About a year ago I started leading a women’s open share group at Celebrate Recovery. This is a group where women come together and everyone can say anything they want for five minutes. No one is allowed to say anything in response without permission from the woman doing the sharing. It’s magical. While leading that group, I became pregnant after trying for a year, and lost the baby a week later. I couldn’t stop crying. I would calmly, even cheerfully read the rules for open share, listen intently to the other women, and then unashamedly bawl through my five minutes. That felt good, like open share is supposed to feel good. I could be as angry, grief-stricken, and irrational as I truly was and the women would listen and refuse to judge or fix me.

Almost all the women in my open share group decided to get into a 12-step group (where a closed group of people actually work through the 12 steps, as opposed to just sharing). It seemed natural for me to lead that 12-step group. For the first time in my life I heard not one but three people say, “I’m so glad that you’re going to be leading my group.” In the 12-steps, of which we have completed five, I’ve continued to be honest and vulnerable with my group, and the group has continued to prosper. I’ve seen more wonderful, positive, life-changing God stuff happening in that group that I’ve seen in any other ministry I’ve led. I thought only special people got to do that stuff. And I honestly think that a big part of the success and the main reason I’m comfortable leading at this level is that my emotionality and my leadership are no longer at odds. They are helping each other.

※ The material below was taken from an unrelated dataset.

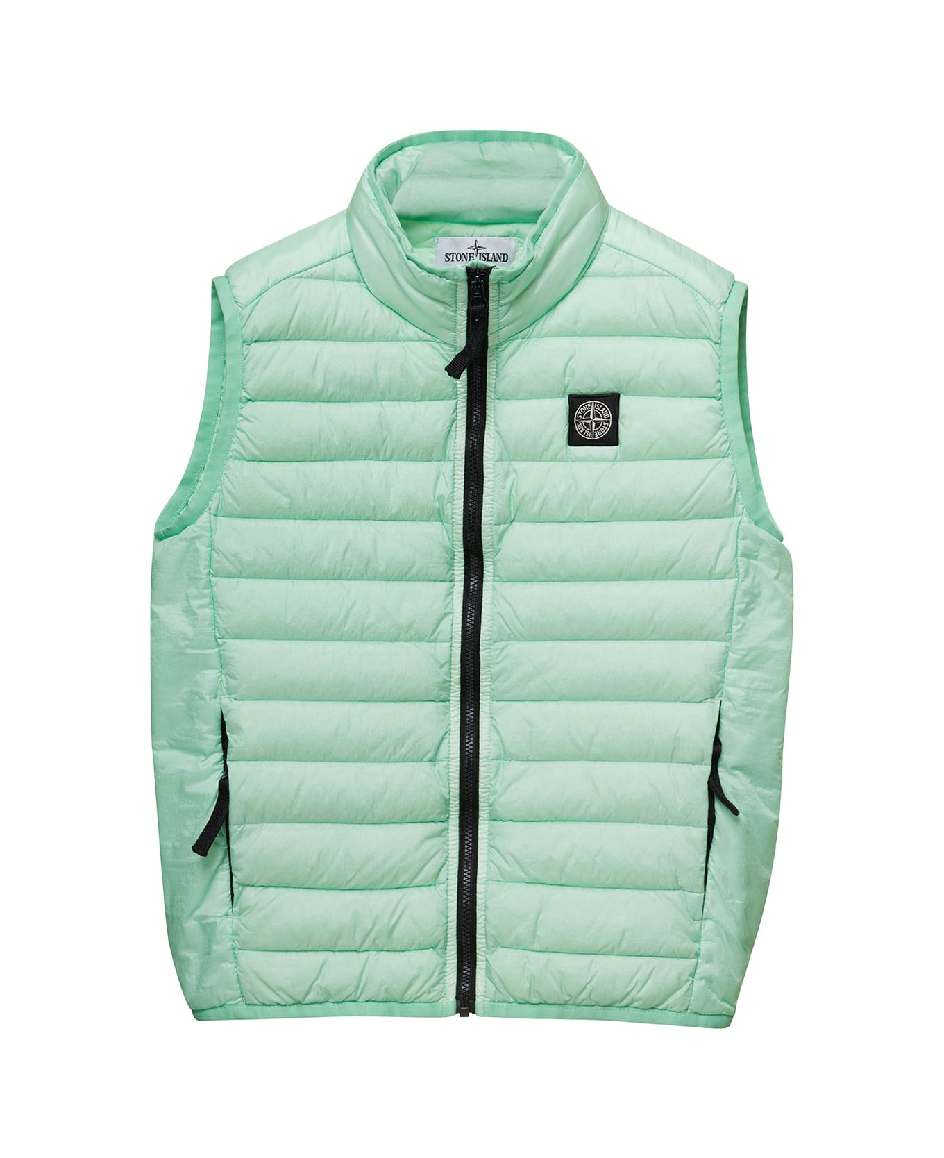 Down jacket Crewneck Sleeveless Logo patch on the front Front zip fastening Two vertical zip fastening pockets on the front Tonal stitching Straight hem Light blue Regular fit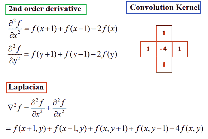 是一个标量(与梯度不同,梯度是一个向量)- 使用单个核(掩码)计算拉普拉斯函数(与梯度不同,梯度通常有两个核,x和y方向的偏导数)

As it turns out, people feel more comfortable with an authentic, open, honest leader who is dealing with real stuff in their lives, than with a totally-okay-all-the-time leader. Or at least they are in Celebrate Recovery. What’s more, I think I’m a much better leader this way. This way, I spend no energy trying to put a choke-chain on my emotions. The things I do well – structure, follow-up, organization, prayer, all function better when I know it’s okay to cry. I am more trustworthy, more honest, less judgmental, a better leader when I can say, “I’m really angry right now.” And I am a hell of a lot happier when I can laugh and joke and be ecstatically happy without worrying that I won’t be taken seriously. This may seem obvious to some and sheer folly to others, but this is my hard-won conclusion.